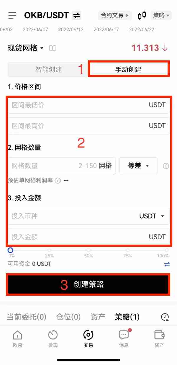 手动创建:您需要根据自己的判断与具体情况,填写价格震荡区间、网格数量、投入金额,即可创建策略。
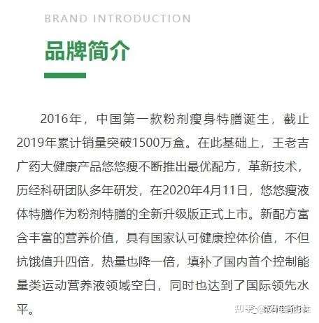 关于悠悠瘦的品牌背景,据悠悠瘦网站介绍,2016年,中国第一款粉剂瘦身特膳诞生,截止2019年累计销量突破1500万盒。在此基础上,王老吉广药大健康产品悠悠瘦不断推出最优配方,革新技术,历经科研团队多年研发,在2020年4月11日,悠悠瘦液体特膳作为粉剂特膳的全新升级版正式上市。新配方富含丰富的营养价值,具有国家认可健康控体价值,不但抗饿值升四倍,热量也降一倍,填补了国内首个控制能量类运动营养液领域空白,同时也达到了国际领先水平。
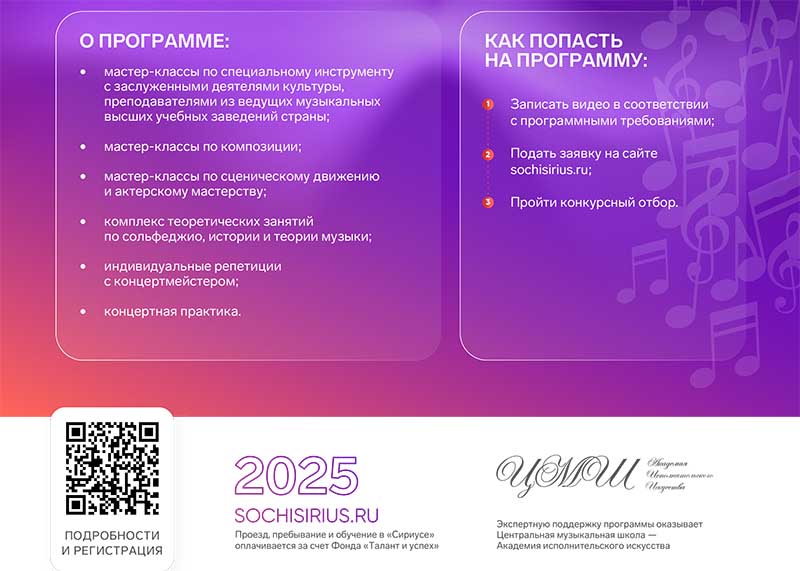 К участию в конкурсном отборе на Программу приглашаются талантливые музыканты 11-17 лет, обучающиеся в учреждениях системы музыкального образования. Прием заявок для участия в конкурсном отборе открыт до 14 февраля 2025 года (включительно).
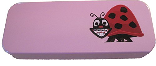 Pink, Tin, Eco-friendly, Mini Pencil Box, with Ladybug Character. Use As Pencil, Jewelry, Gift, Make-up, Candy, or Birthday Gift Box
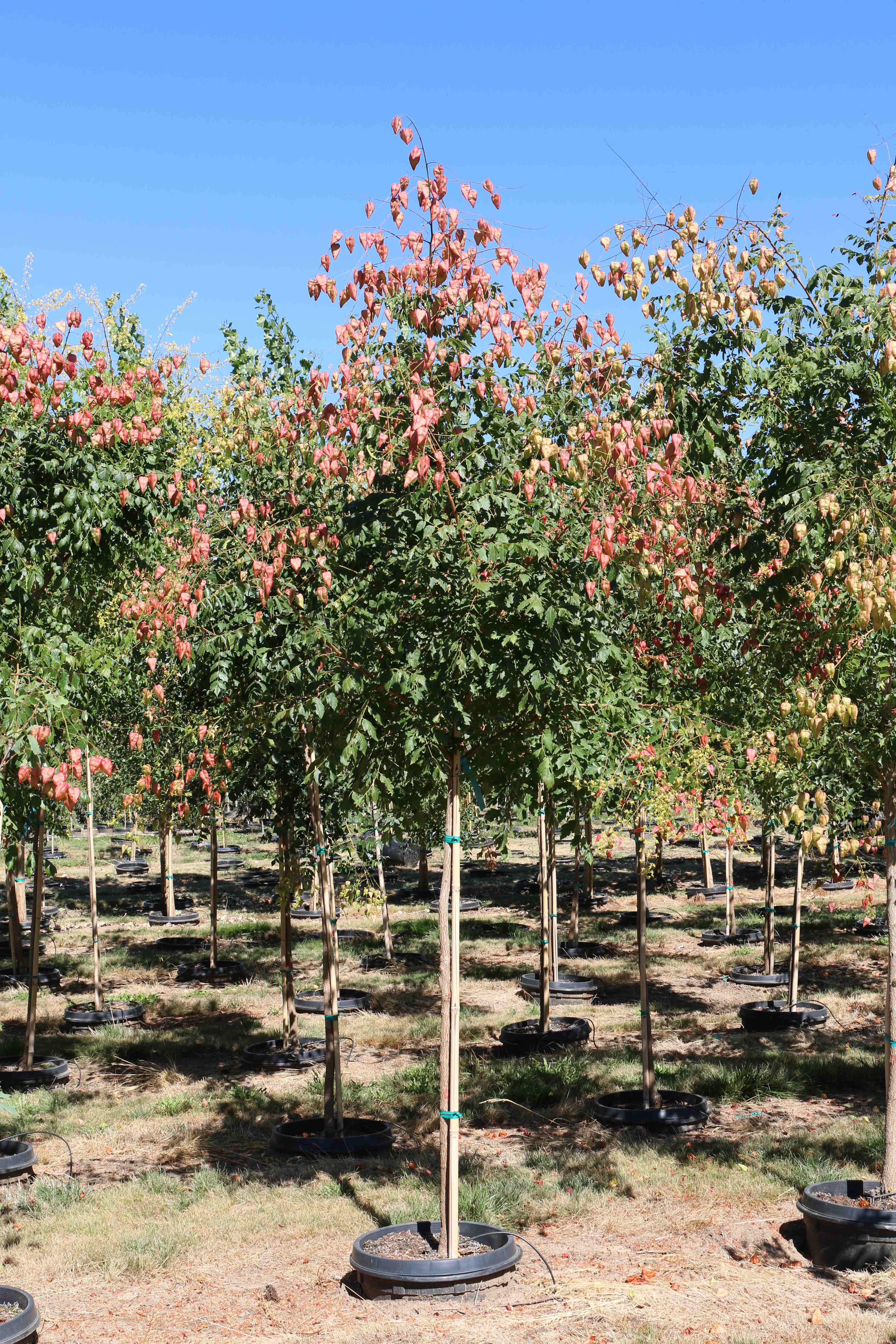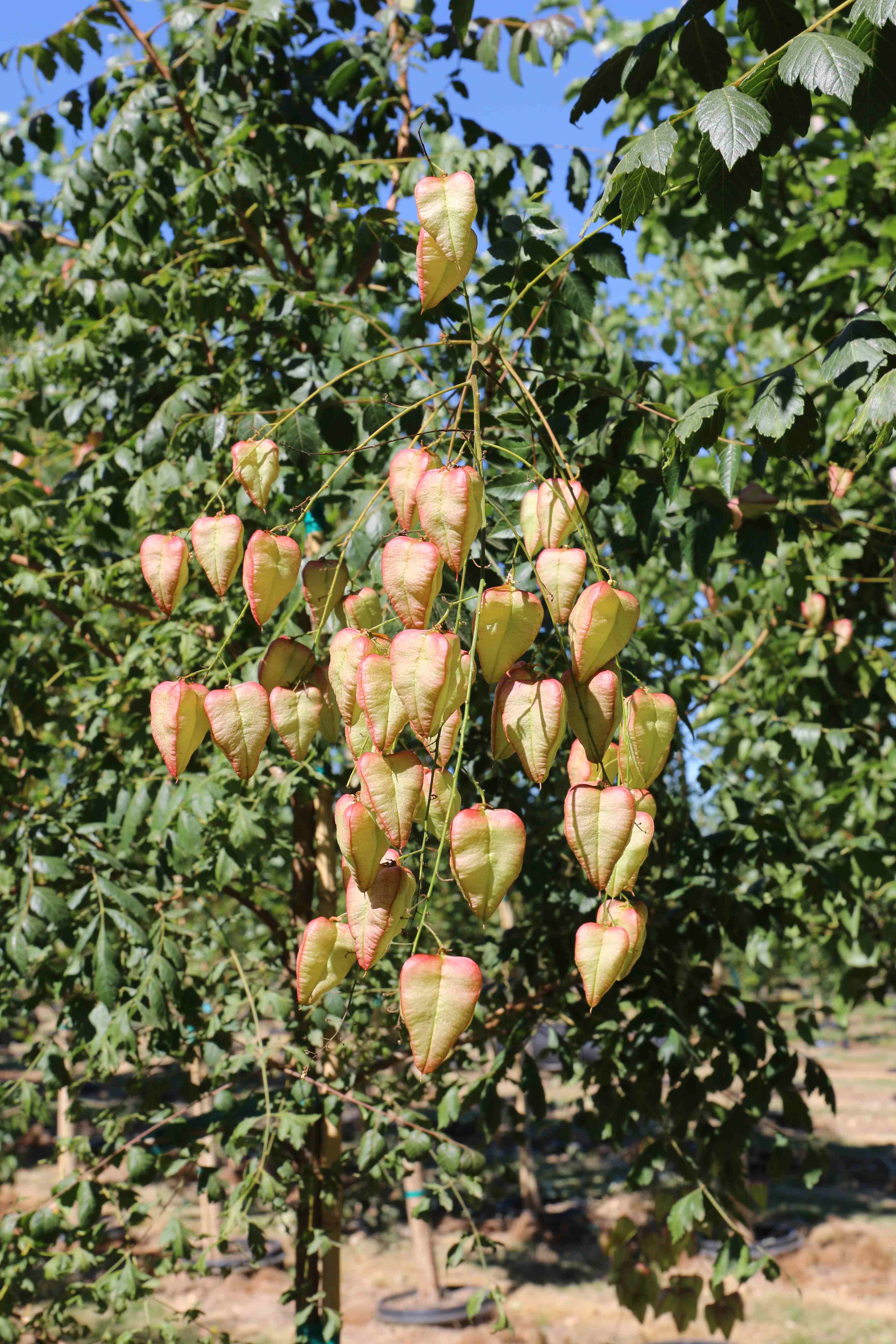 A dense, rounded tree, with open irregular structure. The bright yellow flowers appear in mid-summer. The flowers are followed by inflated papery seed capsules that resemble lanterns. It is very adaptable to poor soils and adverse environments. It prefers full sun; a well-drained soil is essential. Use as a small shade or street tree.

• Task details:
Where the material above includes pictures, omit them and retype everything else exactly.

• Problem solution:
 手动创建:您需要根据自己的判断与具体情况,填写价格震荡区间、网格数量、投入金额,即可创建策略。
 关于悠悠瘦的品牌背景,据悠悠瘦网站介绍,2016年,中国第一款粉剂瘦身特膳诞生,截止2019年累计销量突破1500万盒。在此基础上,王老吉广药大健康产品悠悠瘦不断推出最优配方,革新技术,历经科研团队多年研发,在2020年4月11日,悠悠瘦液体特膳作为粉剂特膳的全新升级版正式上市。新配方富含丰富的营养价值,具有国家认可健康控体价值,不但抗饿值升四倍,热量也降一倍,填补了国内首个控制能量类运动营养液领域空白,同时也达到了国际领先水平。
 К участию в конкурсном отборе на Программу приглашаются талантливые музыканты 11-17 лет, обучающиеся в учреждениях системы музыкального образования. Прием заявок для участия в конкурсном отборе открыт до 14 февраля 2025 года (включительно).
 Pink, Tin, Eco-friendly, Mini Pencil Box, with Ladybug Character. Use As Pencil, Jewelry, Gift, Make-up, Candy, or Birthday Gift Box
 A dense, rounded tree, with open irregular structure. The bright yellow flowers appear in mid-summer. The flowers are followed by inflated papery seed capsules that resemble lanterns. It is very adaptable to poor soils and adverse environments. It prefers full sun; a well-drained soil is essential. Use as a small shade or street tree.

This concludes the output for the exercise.